Fatal Frame, known in Japan as Zero (零〜zero〜?) and in Europe as Project Zero, is a survival horror video game for the PlayStation 2 and Xbox consoles,[1] and the first installment in the Fatal Frame series. The Xbox port, titled Fatal Frame: Special Edition in Japan,[2] added a new ending, more costumes, a new gameplay mode and a harder difficulty setting.[3] The game was re-released as a PS2 classic on the PlayStation Network for the PlayStation 3 in North America on April 9, 2013.[4][5]


For more details on this topic, see Fatal Frame § Series gameplay.

For most of the game, the player controls protagonist Miku Hinasaki through four chapters (called "Nights") as she searches for her brother Mafuyu, whom the player controls only in the introduction. The characters' hit points is displayed in a life bar located in the lower left corner of the screen; if the character's HP hits zero, it's game over. The player can find healing items throughout the game's different locations, which restore their strength to a certain extent. Plus, the player can obtain a special item called a Stone Mirror, which automatically and completely restores the player's HP once it reaches zero. The player characters also have a flashlight to aid them in the exploration of the mansion.
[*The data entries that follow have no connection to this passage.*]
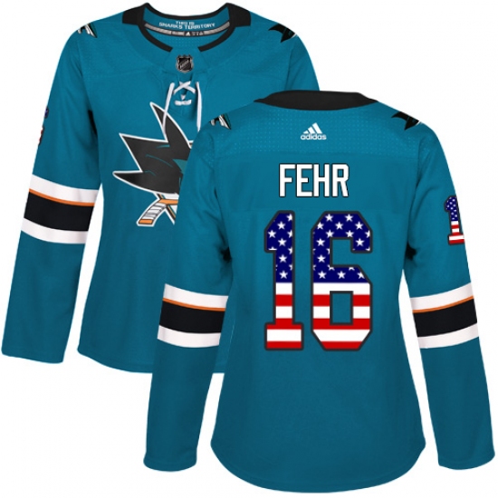 Women's Adidas San Jose Sharks #16 Eric Fehr Authentic Teal Green USA Flag Fashion NHL Jersey
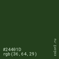Цвет #24401D в цветовой модели RGB обозначается тремя октетами (36, 64, 29) в десятичном формате и #24401D в шестнадцатиричном (hex) формате, которые являются интенсивностью красного 36 (hex 24), интенсивность зелёного 64 (hex 40) и интенсивность синего 29 (hex 1D).
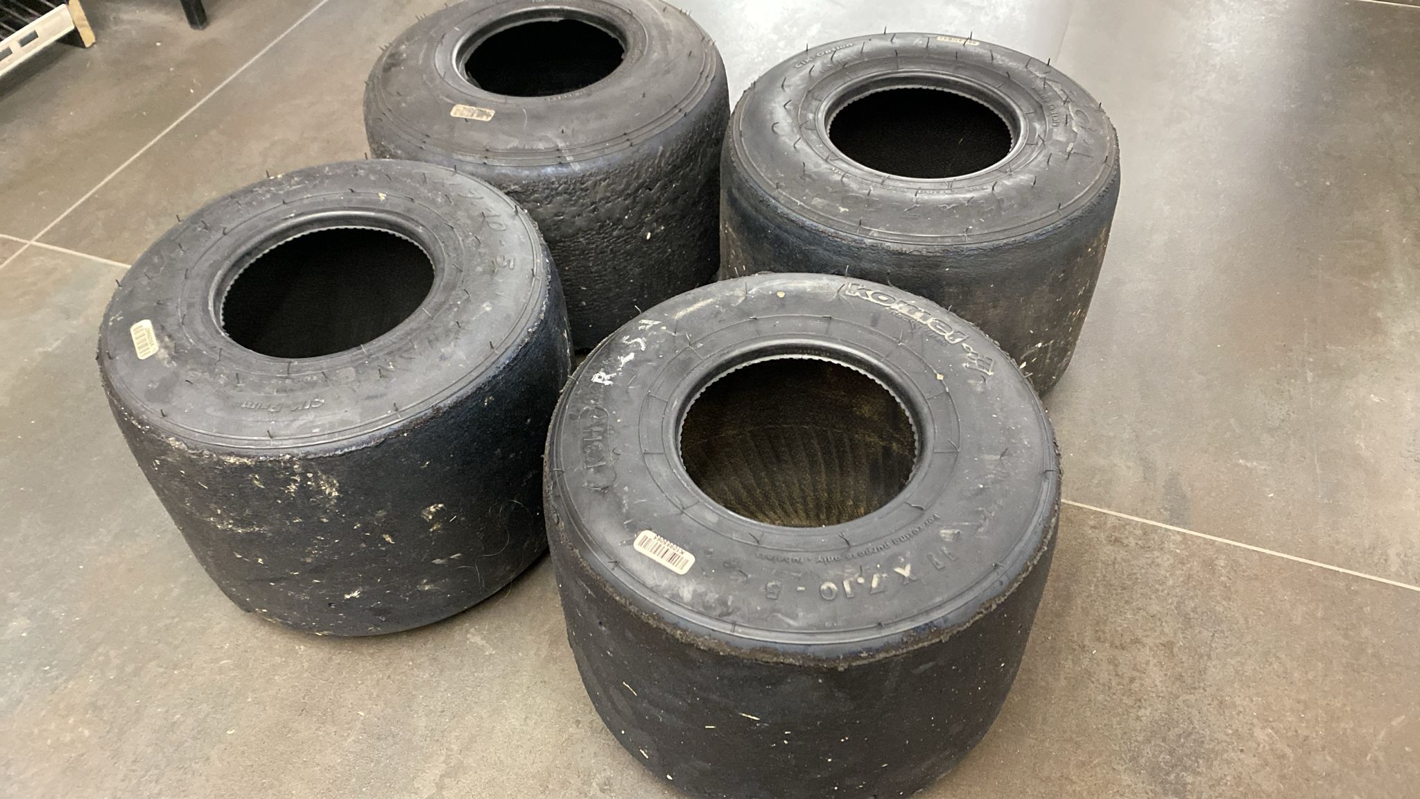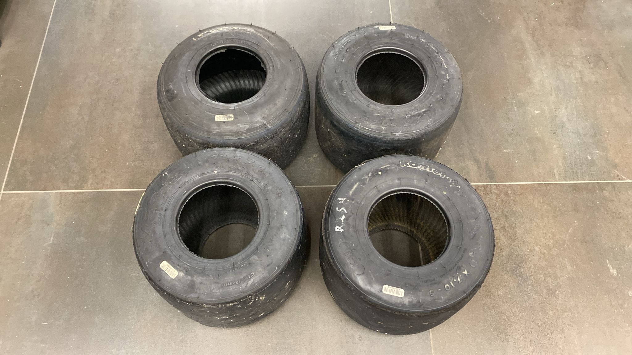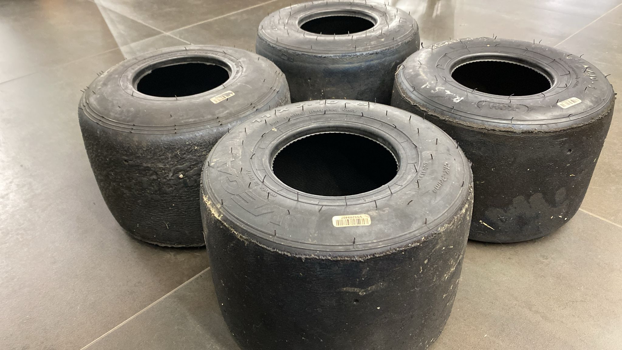 Set di quattro gomme utilizzate sul Kart di Charles Leclerc Presentano evidenti segni di utilizzo Diametro: 25 cm
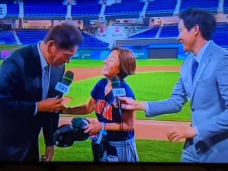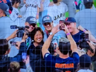 WBC優勝後のスタジアムで大谷選手と写真を撮ったり、
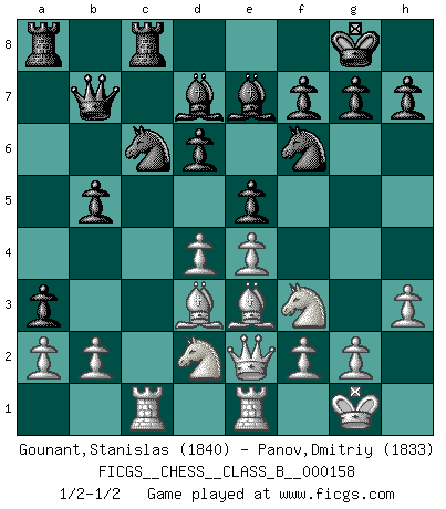 Last move : 1/2-1/2 2012 January 20 1:3:59 [Event "FICGS__CHESS__CLASS_B__000158"] [Site "FICGS"] [Date "2011.10.10"] [Round "1"] [White "Gounant,Stanislas"] [Black "Panov,Dmitriy"] [Result "1/2-1/2"] [WhiteElo "1840"] [BlackElo "1833"] 1.e4 e5 2.Nf3 Nc6 3.Bb5 a6 4.Ba4 Nf6 5.O-O Be7 6.Re1 b5 7.Bb3 d6 8.c3 O-O 9.h3 Na5 10.Bc2 c5 11.d4 Qc7 12.Nbd2 cxd4 13.cxd4 Nc6 14.Nb3 a5 15.Be3 a4 16.Nbd2 Bd7 17.Rc1 Qb7 18.Qe2 Rfc8 19.Bd3 a3 1/2-1/2 Ruy Lopez : Closed Kingside Castling by player White (move 5) Kingside Castling by player Black (move 8) This chess game ended in a draw. Follow this game move after move (download)When I have White, I win because I am white; When I have Black, I win because I am Bogolyubov. (Bogolyubov) Schach wird sich dank seiner hohen kulturellen Tradition immer durchsetzen. In näherer Zukunft womöglich sogar als Gegenreaktion auf die maßlose Reizüberflutung im Freizeit- und Spielbereich. (Garry Kasparov) Tu puedes aprender mucho mas de una partida que pierdas que de una partida ganada. Tendras que perder cientos de partidas antes de llegar a ser un buen jugador. (Jose Raul Capablanca) 'L'échange des dames est un coup dur pour les deux adversaires...' Un journaliste lors d'une partie du match Spassky-Fischer Just because you do not take an interest in politics doesn't mean politics won't take an interest in you. (Pericles 430 B.C.)

Miku's only weapon is the Camera Obscura, an antique camera that can photograph and expel spirits. However, the camera also relies on "ammunition" - films, which prepare a certain amount of shots for the player. There are different types of films scattered throughout the game, and each type of film possesses a different strength. The camera also contains several special abilities, which must be unlocked using spirit points, which can be gained by capturing ghosts. These abilities, such as Paralyze and See, can aid Miku in fighting spirits that have different attacking patterns to the standard ghosts. During the game, Miku must explore the entire mansion and its grounds, and must obtain certain objects and solve puzzles in order to progress through sections of the game. During this time, Miku will encounter different types of spirits, either random or mandatory. Some spirits will not attack Miku, but most are hostile. The chapters progress as Miku reaches a particular location, usually after completing a major segment of the chapter.
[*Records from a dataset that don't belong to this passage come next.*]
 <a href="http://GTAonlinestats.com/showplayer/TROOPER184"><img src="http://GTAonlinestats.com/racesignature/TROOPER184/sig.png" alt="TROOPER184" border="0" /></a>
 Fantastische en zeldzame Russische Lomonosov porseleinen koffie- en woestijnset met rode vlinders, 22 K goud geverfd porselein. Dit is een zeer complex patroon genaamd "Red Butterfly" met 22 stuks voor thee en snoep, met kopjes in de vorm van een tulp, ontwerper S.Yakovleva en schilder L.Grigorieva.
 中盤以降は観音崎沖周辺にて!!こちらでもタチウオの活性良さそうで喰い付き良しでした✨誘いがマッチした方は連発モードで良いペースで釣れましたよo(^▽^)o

The player can save their game at save points, which are located in different parts of the mansion; and at the end of each chapter. If a spirit is within range, the save point will turn red, preventing the player from saving until the spirit is defeated.


In October 1986, Miku Hinasaki goes to the supposedly haunted Himuro Mansion to search for Mafuyu, her older brother. Mafuyu has been missing for two weeks, after visiting Himuro Mansion to look for his mentor, Junsei Takamine, who had also gone missing in the mansion with his assistant and editor while conducting research for a new novel.[6][7][8][9] As she explores, rope burns start to appear on her wrists and ankles, and she learns this is part of a ritual performed by the shrine maiden, in which she is torn apart by a rack-like device tied to her wrists, ankles, and neck.
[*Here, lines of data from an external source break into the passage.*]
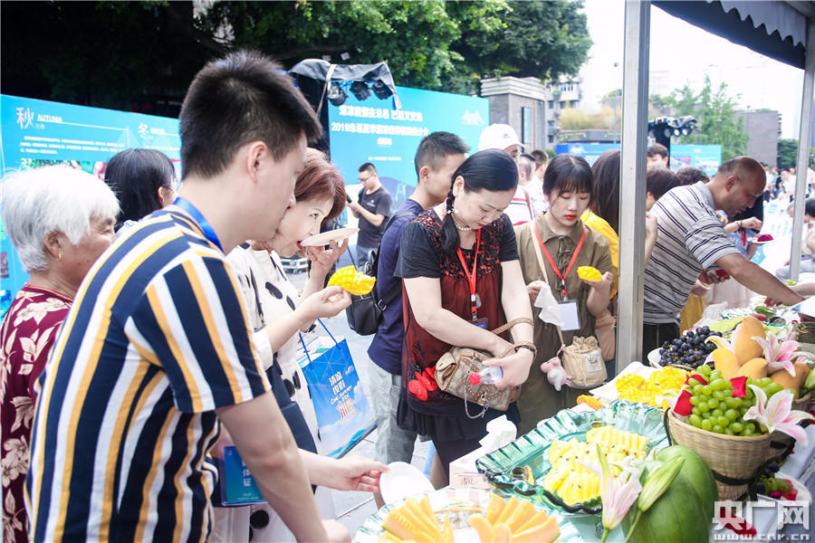 游客品嘗米易水果(央廣網(wǎng)發(fā) 主辦方供圖)
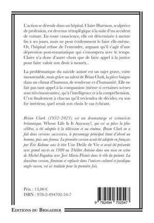 L'action se déroule dans un hôpital. Claire Harrison, sculptrice de profession, est devenue tétraplégique à la suite d’un accident de voiture. En toute conscience, elle est déterminée à mettre fin à ses jours, mais ne peut évidemment le faire elle-même. Or, l’hôpital refuse de l’entendre, arguant qu’il s’agit d’une dépression post-traumatique qui s’estompera avec le temps. Claire n’a donc d’autre choix que de faire appel à la justice pour faire valoir son droit à mourir…
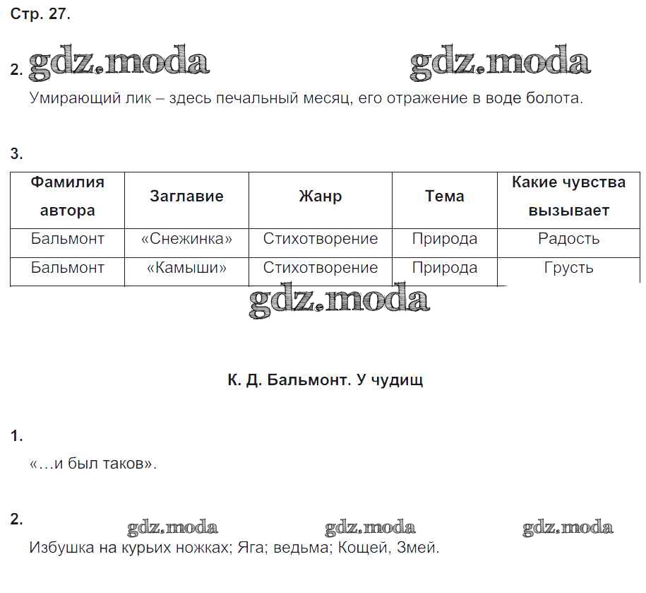 ГДЗ решение к заданию № 27 Литературное чтение 4 класс рабочая тетрадь Ефросинина Л.А. Вентана-граф 2020 Часть 1, Часть 2 ФГОС бесплатно на гдз.мода!

As Miku explores deeper into the mansion, she eventually learns about the dark secrets behind the enormous mansion and about the malignant spirit of Kirie Himuro, who had kidnapped Mafuyu because of his strong resemblance to her former lover, a young man who visited the mansion. Lord Himuro ordered the man disposed of, and Kirie learned the truth in her dreams. Her resulting doubts in her obligations allowed the Hell Gate to open, unleashing a great darkness called "the Malice".[9]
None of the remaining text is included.